Data supplied =

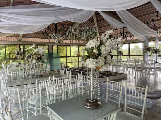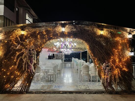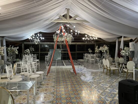 Im Terrassensaal ist man immer noch am Dekorieren. Der junge Mann, der mich an der Rezeption empfangen hatte, heisst Juancho. Er ist jeweils nur am Wochenende hier, denn eigentlich ist er Grafiker und Designer. Und er ist für das Design des Hotels zuständig. Also für all die farbigen kitschigen Lämpchen, die dauernd die Farbe wechseln. Aber auch für die schönen Blumenarrangements, die pompösen Sessel im Foyer und die Wandmalereien. Alles von ihm. Jetzt ist er dabei, den grossen Terrassensaal zu dekorieren, denn am Sonntag wird die Besitzerin hier Hochzeit feiern. Ich bin gespannt, wie der Saal am Schluss aussehen wird, kann aber kaum das Endergebnis sehen, da ich morgen zurück nach Medellin reise.
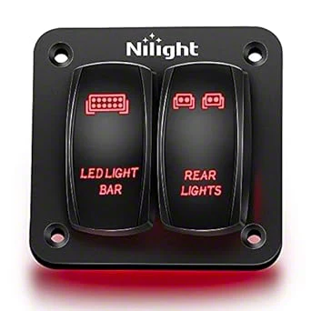 • Two-Gang Aluminum Rocker Switch Panel with LED Light Bar and Rear Light Rocker Switches
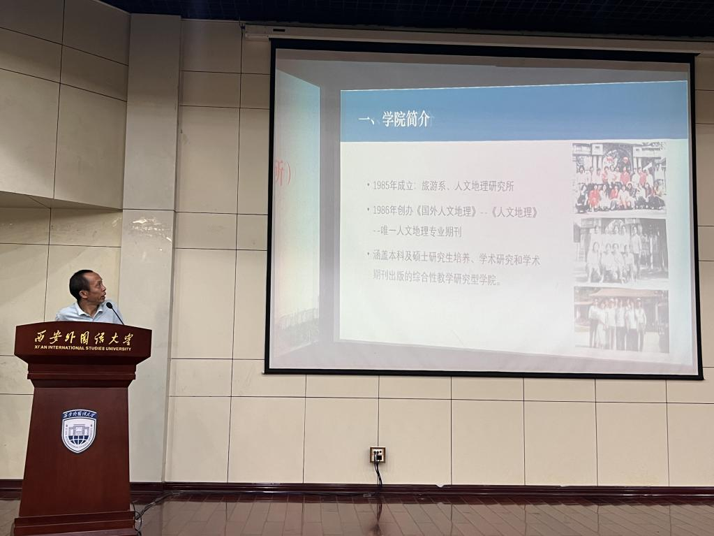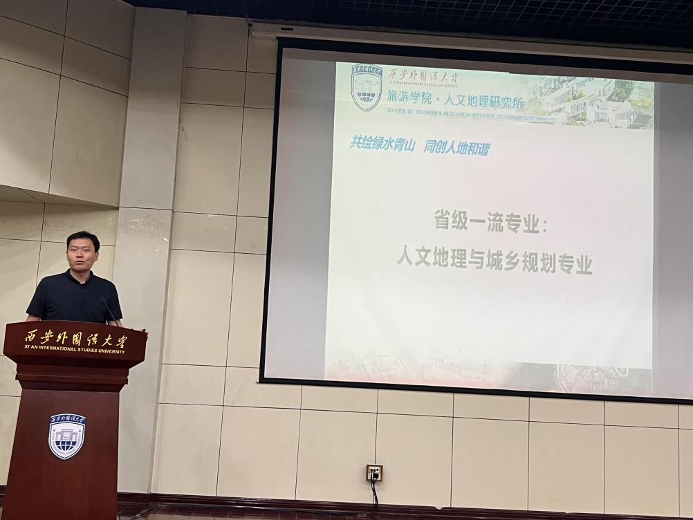 陕西省高等学校教学名师杨红英老师以教育制度的变迁为例,激励新生们要励志笃行、勤学实干、开拓创新、正心明道,成为一名敢于追梦、甘于吃苦、勇于争先、勤于修身的卓越人才。辛健老师通过学院简介、专业概况、师资力量、培养目标、课程模块、国际交流与实践、就业方向等方面对旅游管理专业进行了专题介绍,同时勉励新生要勇于挑战新知、加强体育锻炼、更好地迎接大学生活。窦睿音老师通过专业内涵及特点、培养特色、师资配备、毕业去向等方面详细介绍了人文地理与城乡规划专业,希望新生们能够珍惜大学时光,努力学习、积极进取、勇于创新、坚持到底,为圆梦未来打下坚实基础。
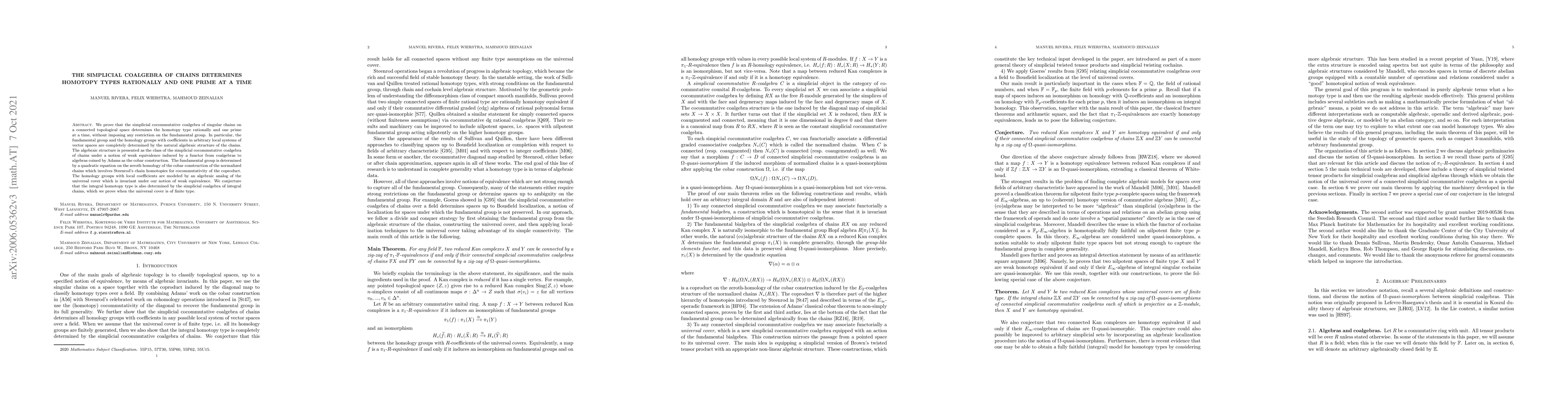 We prove that the simplicial cocommutative coalgebra of singular chains on a connected topological space determines the homotopy type rationally and one prime at a time, without imposing any restriction on the fundamental group. In particular, the fundamental group and the homology groups with coefficients in arbitrary local systems of vector spaces are completely determined by the natural algebraic structure of the chains. The algebraic structure is presented as the class of the simplicial cocommutative coalgebra of chains under a notion of weak equivalence induced by a functor from coalgebras to algebras coined by Adams as the cobar construction. The fundamental group is determined by a quadratic equation on the zeroth homology of the cobar construction of the normalized chains which involves Steenrod's chain homotopies for cocommutativity of the coproduct. The homology groups with local coefficients are modeled by an algebraic analog of the universal cover which is invariant under our notion of weak equivalence. We conjecture that the integral homotopy type is also determined by the simplicial coalgebra of integral chains, which we prove when the universal cover is of finite type.
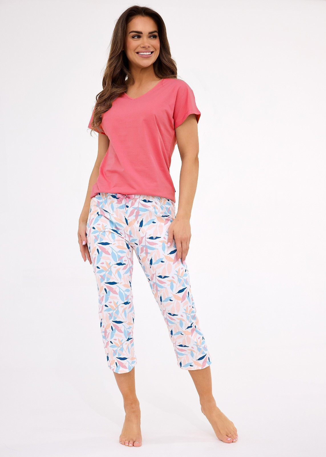 - bavlněné kalhoty s 3/4 nohavicemi, potisk s barevnými listy
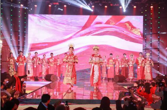 盛典上,一場(chǎng)10分鐘的萬(wàn)足金婚紗秀令人驚艷贊嘆,賽菲爾珠寶歷年共計(jì)18套萬(wàn)足金婚紗齊亮相。伴隨著悅動(dòng)的音符,18位男女模特身披華彩熠熠的絕美婚紗及男士唐裝結(jié)婚禮服,在如夢(mèng)似幻的燈光中緩緩入場(chǎng),將全場(chǎng)氣氛點(diǎn)燃。
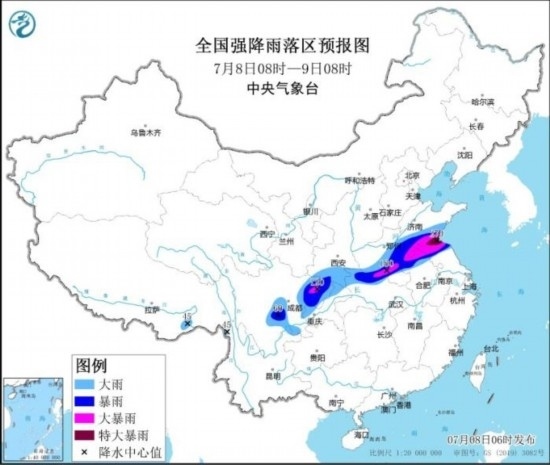中央氣象臺(tái)7月8日06時(shí)繼續(xù)發(fā)布暴雨橙色預(yù)警和強(qiáng)對(duì)流天氣藍(lán)色預(yù)警。預(yù)計(jì),7月8日08時(shí)至9日08時(shí),陜西南部、黃淮大部、江漢北部、四川盆地等地的部分地區(qū)有大到暴雨,其中,山東南部、河南東部和南部、蘇皖北部、四川盆地東北部等地的部分地區(qū)有大暴雨,山東南部、江蘇北部等地局地特大暴雨(250~270毫米)。上述部分地區(qū)伴有短時(shí)強(qiáng)降水(最大小時(shí)降雨量30~50毫米,局地可超過80毫米)。內(nèi)蒙古東南部、吉林南部和東部、遼寧東部和北部、山東南部、河南東部和西南部、安徽北部、江蘇北部和東部、四川東北部等地的部分地區(qū)將有8級(jí)以上雷暴大風(fēng)或冰雹天氣,其中,河南東部、安徽北部、江蘇北部和東部等地的部分地區(qū)將有10級(jí)以上雷暴大風(fēng),最大風(fēng)力可達(dá)11級(jí)以上。
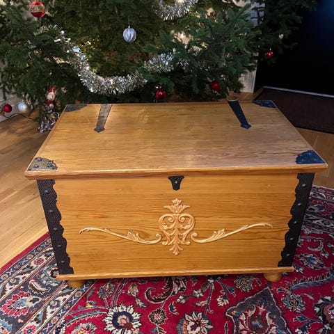 Antik trälåda / brudkista med målade dekorationer. Lådan har ett lock som kan låsas med nyckel och handtag på sidan. Invändigt är den målad i en ljust grågrön linoljefärg och har ett praktiskt förvaringsfack på ena sidan.
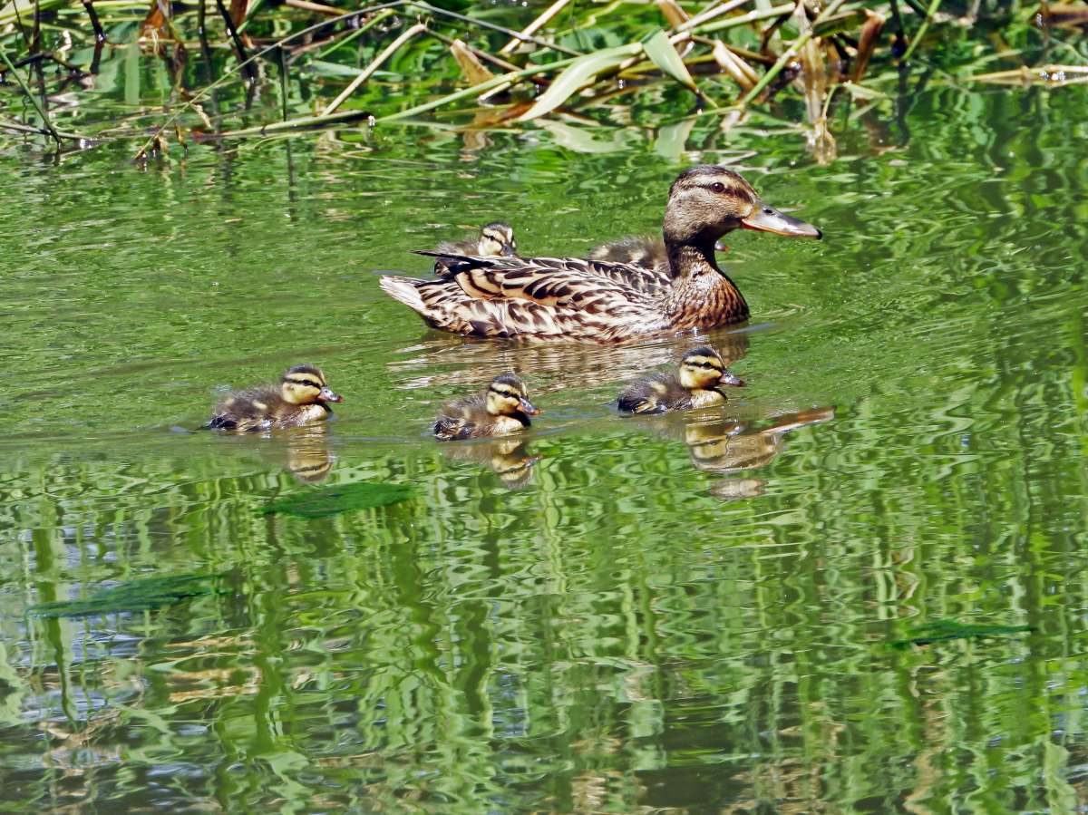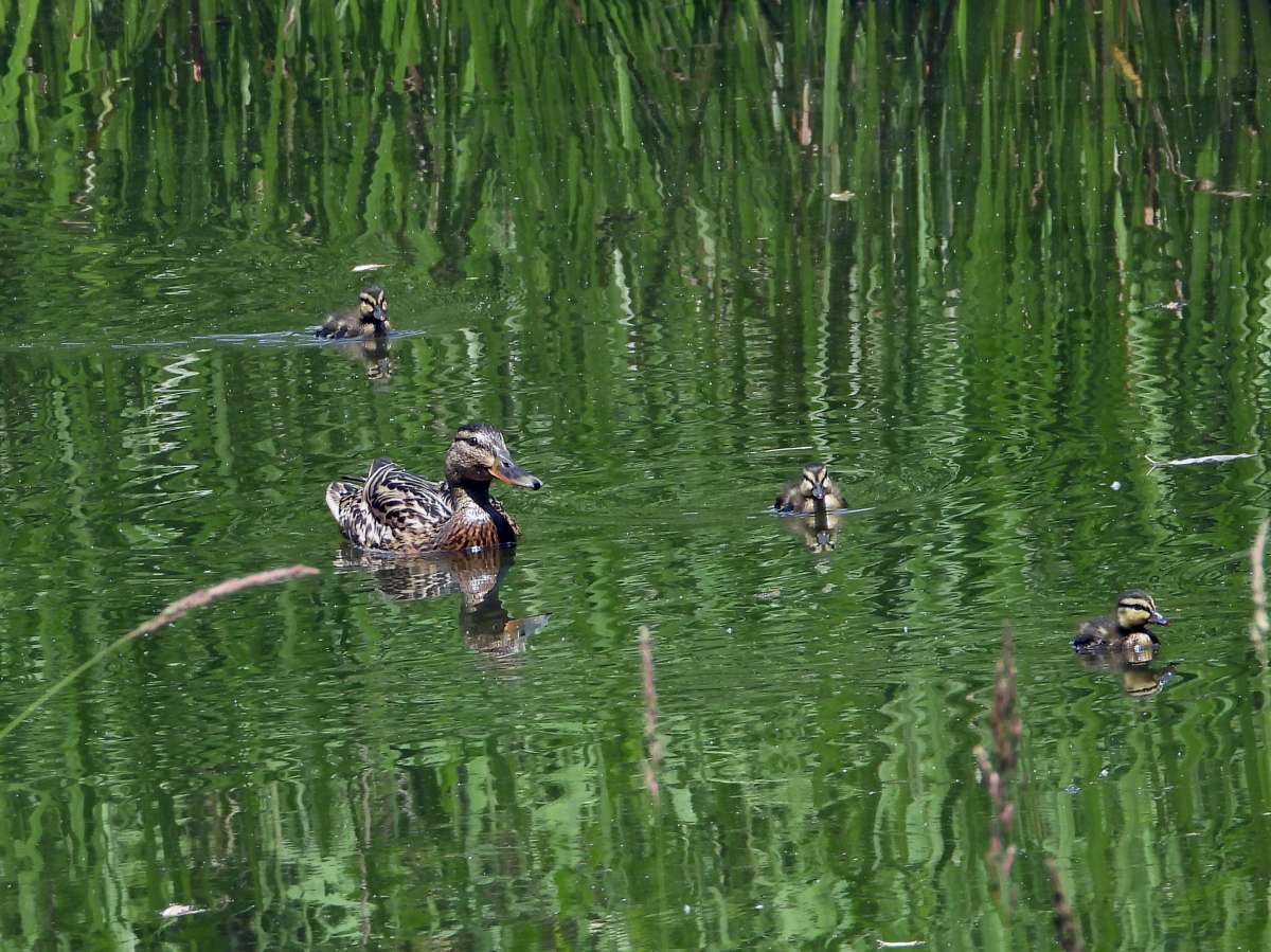 最後に見たときはヒナを5羽連れていましたが、今日は4羽まで確認できました。
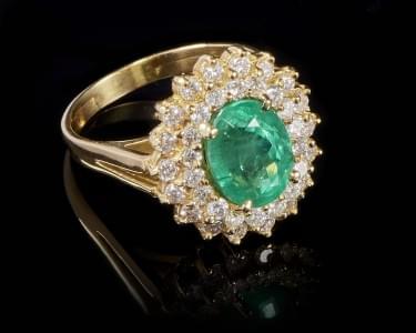 108. Bague sertie d'une émeraude taille ovale (env. 1 ct) entourée et...
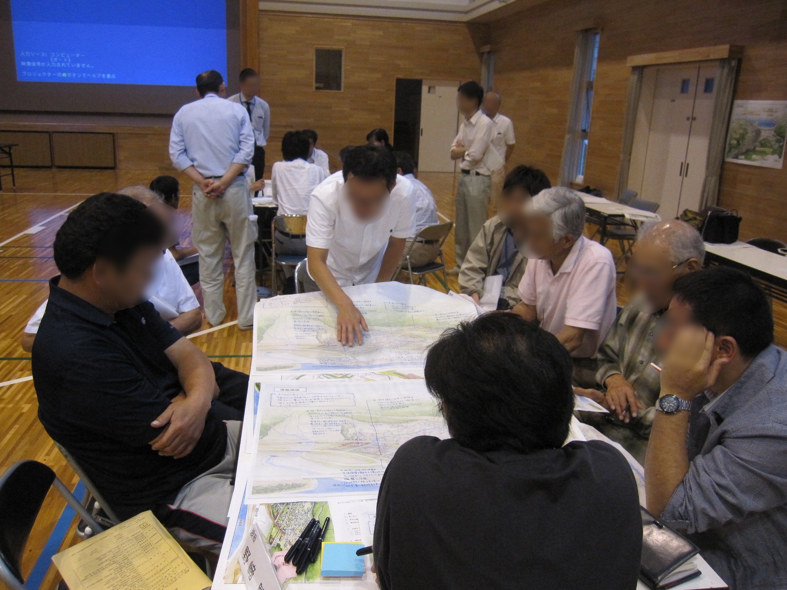 旧大槌小学校で開催された第2回大槌デザイン会議と地区別ワーキンググループの様子
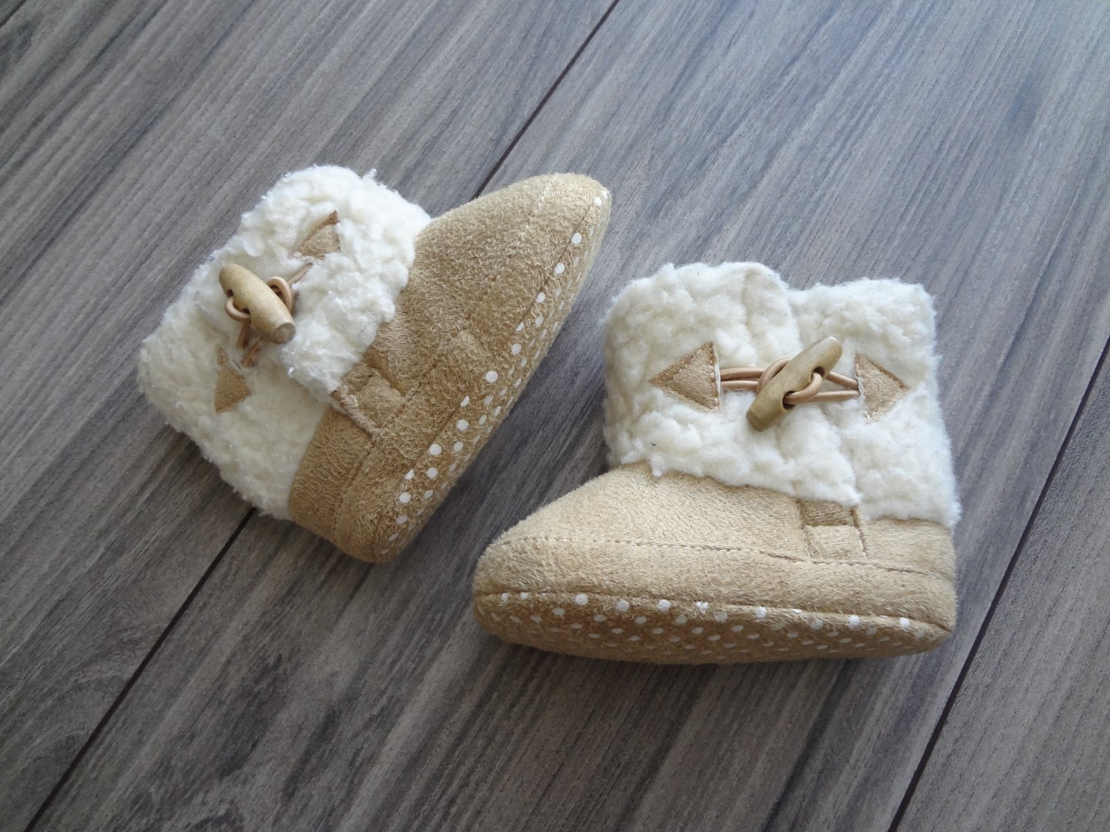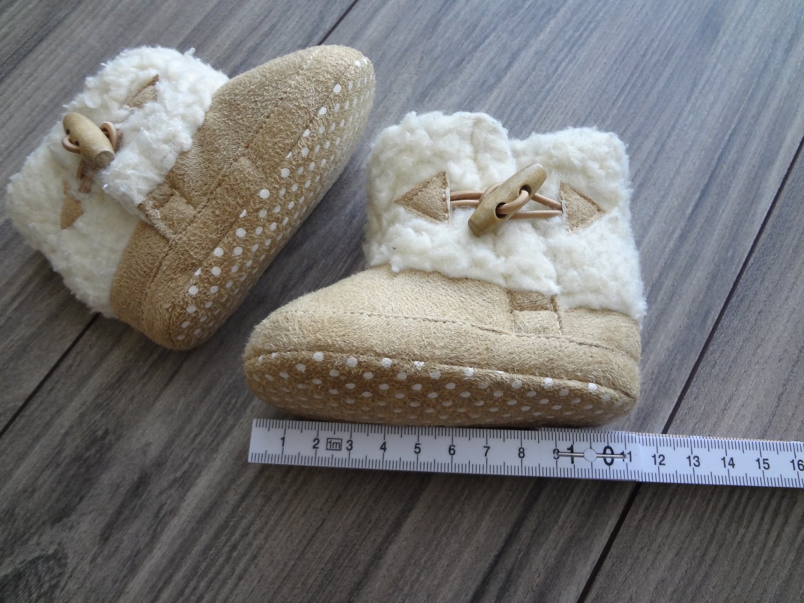 Milé capačky na chladné dni. Dĺžka podrážky: 9 cm - 0-1 mesiac 10 cm - 0-3 mesiace 11 cm - 3-6 mesiacov 12 cm - 6-9 mesiacov

Problem description =
In the answer, the data should reappear exactly, with no pictures.

Answer to the exercise =
 Im Terrassensaal ist man immer noch am Dekorieren. Der junge Mann, der mich an der Rezeption empfangen hatte, heisst Juancho. Er ist jeweils nur am Wochenende hier, denn eigentlich ist er Grafiker und Designer. Und er ist für das Design des Hotels zuständig. Also für all die farbigen kitschigen Lämpchen, die dauernd die Farbe wechseln. Aber auch für die schönen Blumenarrangements, die pompösen Sessel im Foyer und die Wandmalereien. Alles von ihm. Jetzt ist er dabei, den grossen Terrassensaal zu dekorieren, denn am Sonntag wird die Besitzerin hier Hochzeit feiern. Ich bin gespannt, wie der Saal am Schluss aussehen wird, kann aber kaum das Endergebnis sehen, da ich morgen zurück nach Medellin reise.
 • Two-Gang Aluminum Rocker Switch Panel with LED Light Bar and Rear Light Rocker Switches
 陕西省高等学校教学名师杨红英老师以教育制度的变迁为例,激励新生们要励志笃行、勤学实干、开拓创新、正心明道,成为一名敢于追梦、甘于吃苦、勇于争先、勤于修身的卓越人才。辛健老师通过学院简介、专业概况、师资力量、培养目标、课程模块、国际交流与实践、就业方向等方面对旅游管理专业进行了专题介绍,同时勉励新生要勇于挑战新知、加强体育锻炼、更好地迎接大学生活。窦睿音老师通过专业内涵及特点、培养特色、师资配备、毕业去向等方面详细介绍了人文地理与城乡规划专业,希望新生们能够珍惜大学时光,努力学习、积极进取、勇于创新、坚持到底,为圆梦未来打下坚实基础。
 We prove that the simplicial cocommutative coalgebra of singular chains on a connected topological space determines the homotopy type rationally and one prime at a time, without imposing any restriction on the fundamental group. In particular, the fundamental group and the homology groups with coefficients in arbitrary local systems of vector spaces are completely determined by the natural algebraic structure of the chains. The algebraic structure is presented as the class of the simplicial cocommutative coalgebra of chains under a notion of weak equivalence induced by a functor from coalgebras to algebras coined by Adams as the cobar construction. The fundamental group is determined by a quadratic equation on the zeroth homology of the cobar construction of the normalized chains which involves Steenrod's chain homotopies for cocommutativity of the coproduct. The homology groups with local coefficients are modeled by an algebraic analog of the universal cover which is invariant under our notion of weak equivalence. We conjecture that the integral homotopy type is also determined by the simplicial coalgebra of integral chains, which we prove when the universal cover is of finite type.
 - bavlněné kalhoty s 3/4 nohavicemi, potisk s barevnými listy
 盛典上,一場(chǎng)10分鐘的萬(wàn)足金婚紗秀令人驚艷贊嘆,賽菲爾珠寶歷年共計(jì)18套萬(wàn)足金婚紗齊亮相。伴隨著悅動(dòng)的音符,18位男女模特身披華彩熠熠的絕美婚紗及男士唐裝結(jié)婚禮服,在如夢(mèng)似幻的燈光中緩緩入場(chǎng),將全場(chǎng)氣氛點(diǎn)燃。
中央氣象臺(tái)7月8日06時(shí)繼續(xù)發(fā)布暴雨橙色預(yù)警和強(qiáng)對(duì)流天氣藍(lán)色預(yù)警。預(yù)計(jì),7月8日08時(shí)至9日08時(shí),陜西南部、黃淮大部、江漢北部、四川盆地等地的部分地區(qū)有大到暴雨,其中,山東南部、河南東部和南部、蘇皖北部、四川盆地東北部等地的部分地區(qū)有大暴雨,山東南部、江蘇北部等地局地特大暴雨(250~270毫米)。上述部分地區(qū)伴有短時(shí)強(qiáng)降水(最大小時(shí)降雨量30~50毫米,局地可超過80毫米)。內(nèi)蒙古東南部、吉林南部和東部、遼寧東部和北部、山東南部、河南東部和西南部、安徽北部、江蘇北部和東部、四川東北部等地的部分地區(qū)將有8級(jí)以上雷暴大風(fēng)或冰雹天氣,其中,河南東部、安徽北部、江蘇北部和東部等地的部分地區(qū)將有10級(jí)以上雷暴大風(fēng),最大風(fēng)力可達(dá)11級(jí)以上。
 Antik trälåda / brudkista med målade dekorationer. Lådan har ett lock som kan låsas med nyckel och handtag på sidan. Invändigt är den målad i en ljust grågrön linoljefärg och har ett praktiskt förvaringsfack på ena sidan.
 最後に見たときはヒナを5羽連れていましたが、今日は4羽まで確認できました。
 108. Bague sertie d'une émeraude taille ovale (env. 1 ct) entourée et...
 旧大槌小学校で開催された第2回大槌デザイン会議と地区別ワーキンググループの様子
 Milé capačky na chladné dni. Dĺžka podrážky: 9 cm - 0-1 mesiac 10 cm - 0-3 mesiace 11 cm - 3-6 mesiacov 12 cm - 6-9 mesiacov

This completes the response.